Interior. Gotta admit I was quite surprised when I first stepped inside the restaurant – I did not expect this place to look like a Singaporean hawker center! I’ve dined in an actual hawker center myself when I went to Singapore almost a decade ago, and the kind of fare that they serve here at Makansutra is pretty much the same as the genuine article.
There are twelve food stalls in total, with some of them already considered as household names in Singapore. And as with all of my entries that contain multiple restos/foodcourt-type places, I will first be showing the ones that we didn’t get to try:
Soooooo many options!
… And now on to the main makan! I had the Dry Beef Kway Teow Noodles – With beef tendons, beef balls, tripe, and daikon. Ordered this from Gooba Hia, which I believe specializes in beef dishes. The soup that they use here isn’t your typical noodle broth – It’s slightly thick, with an almost gelatinous consistency. It’s very flavorful though. The flat rice noodles were also chewy and went really well with the slices of beef and bean sprouts.
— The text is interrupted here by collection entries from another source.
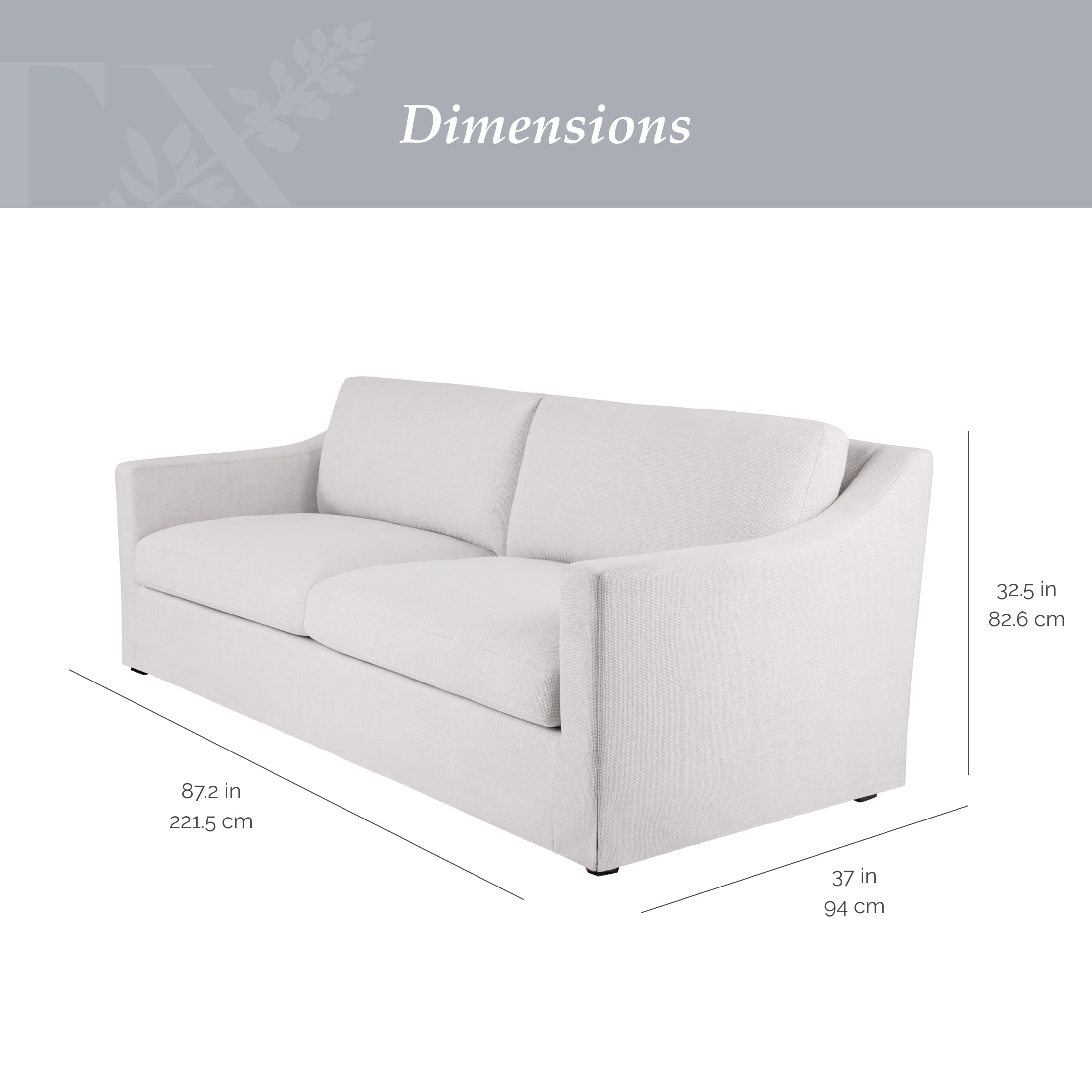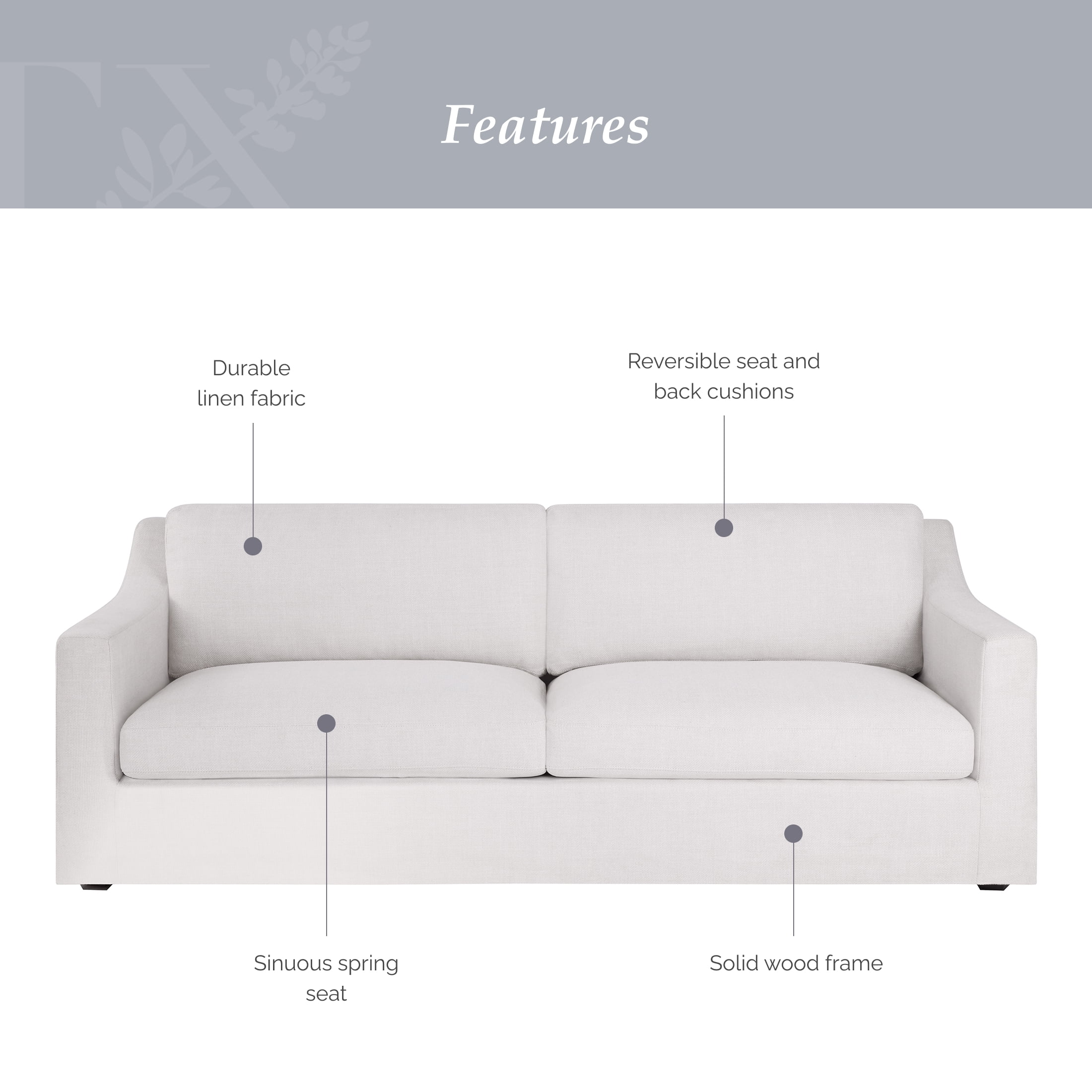 Spacious 87” Width: Ample room for family or guests Solid Wood Construction: Built to last, providing stability and durability for years to come Durable Linen Fabric: Cream linen upholstery adds a sophisticated look while being easy to maintain Sinuous Spring Seat Cushions: Ensure superior comfort and support Reversible Back Cushions: Versatile design for easy refresh and maintenance of your sofa’s appearance Contemporary Style: Elegant and modern style fits seamlessly into any living room or lounge area Product Dimensions: Product Dimensions: 87.2 in L x 37 in W x 32.5 in H (221.5 cm x 94 cm x 82.6 cm) Product Weight: 121 lb Packaging Dimensions: 88 in x 19 in x 28 in Model# MT432649B888501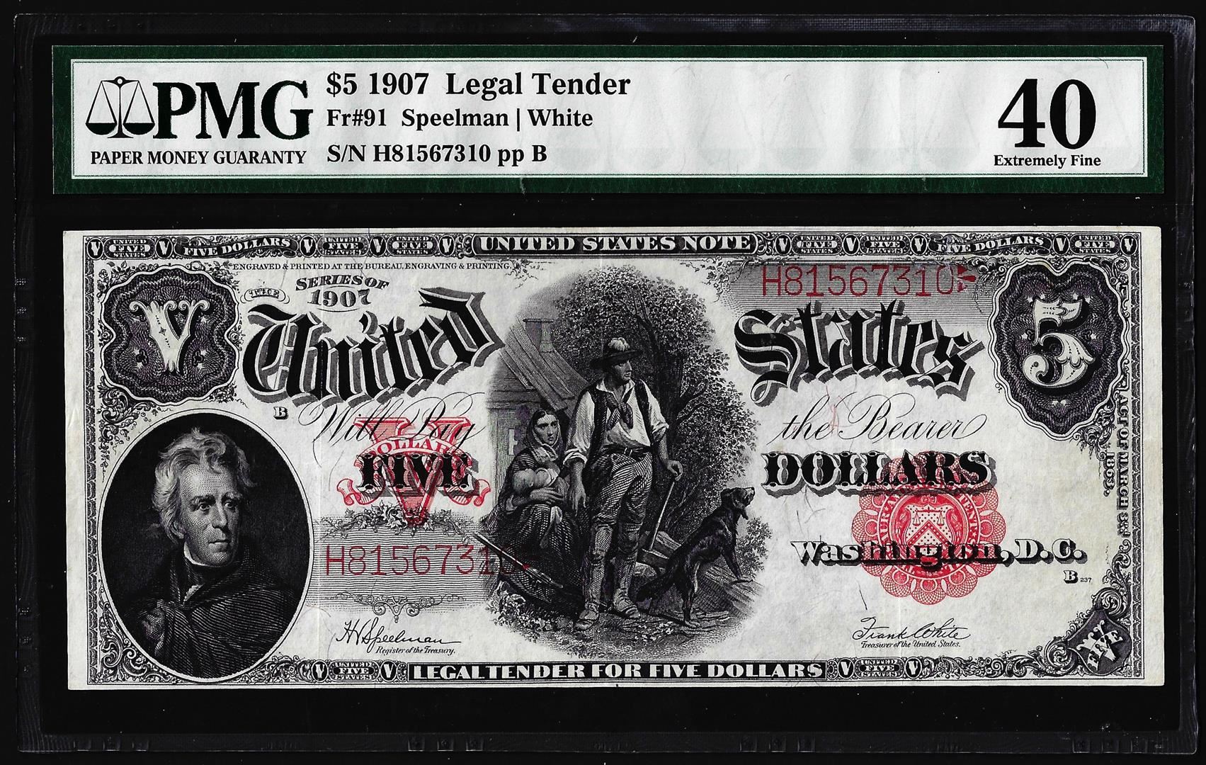 One 1907 $5 Woodchopper Legal Tender Note Fr.91 PMG Extremely Fine 40. PMG Certified.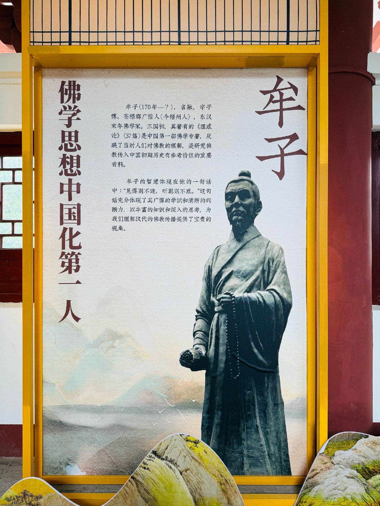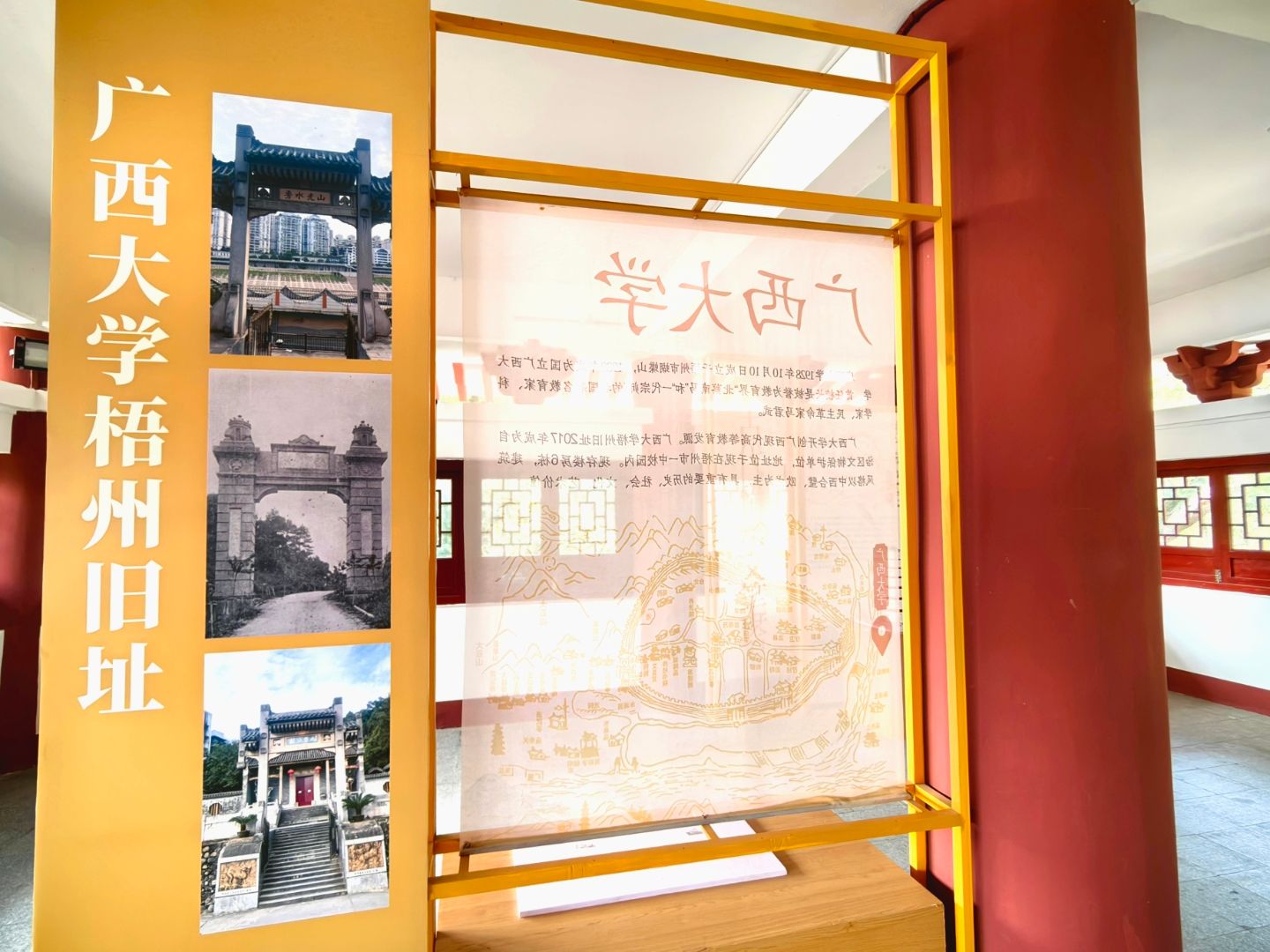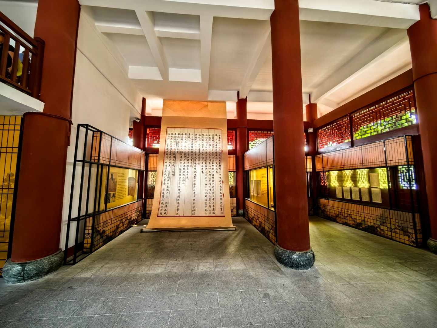 楼高五层,通高二十一米六,广地三百余平。制式纯取岭南古建法度,木石相构,体势端严。朱檐悬铃,风至而清音盈谷;飞檐凌空,势出而气接云天。楼之两翼环以游廊,廊间精镌梧州古八景石刻,鹤冈返照、鸳江春泛、火山夕焰、龙母回春诸胜,次第分列,蔚为大观。一景一碑,碑碑凝韵,刀笔苍劲,尽绘苍梧山水之灵秀,纪录古郡文脉之绵长。循阶缓步而上,层层皆有佳趣,四壁诗画骈罗,书香盈阁。凭窗骋目,仰观千树古木参天叠翠,俯听两岸江涛拍岸回环,近望城郭烟火井然如画。及至顶层周廊,凭栏极目:河东老城骑楼栉比连片,古韵盎然;浔桂二水一清一浊,汇作鸳江天然奇观;西望西江浩浩汤汤,百舸争流,埠岸繁忙,令人目不暇接。当此之时,天光水色,浑然一体,胸中块垒,荡涤无存。方知“江山如画”非虚言,而“心旷神怡”乃实情也。

Fluffy and fresh Roti Prata from the adorably-named Curry Flurry.
Mom had the 6-Sticks Satay with Rice and Soto Soup from Alhambra Padang Satay and Muslim Food. The satay had a rather sweet finish to it, and the meat was tender too. The soup was a tad bit salty/greasy, though. (Side note: They need to open up more Halal restaurants here!)
Milo Dinosaur and Watermelon Juice from the Sips, Sweets, and Snacks stall.
We left the restaurant feeling mighty full and satisfied with our genuine (almost) Singaporean dining experience. And what an experience that was! In fact, I want to challenge myself and try at least one dish from every stall. It’s almost as if I teleported back to the country myself and got the chance to eat these authentic hawker delights once more. Makansutra is truly a feast for the senses, and I wish them luck in their venture.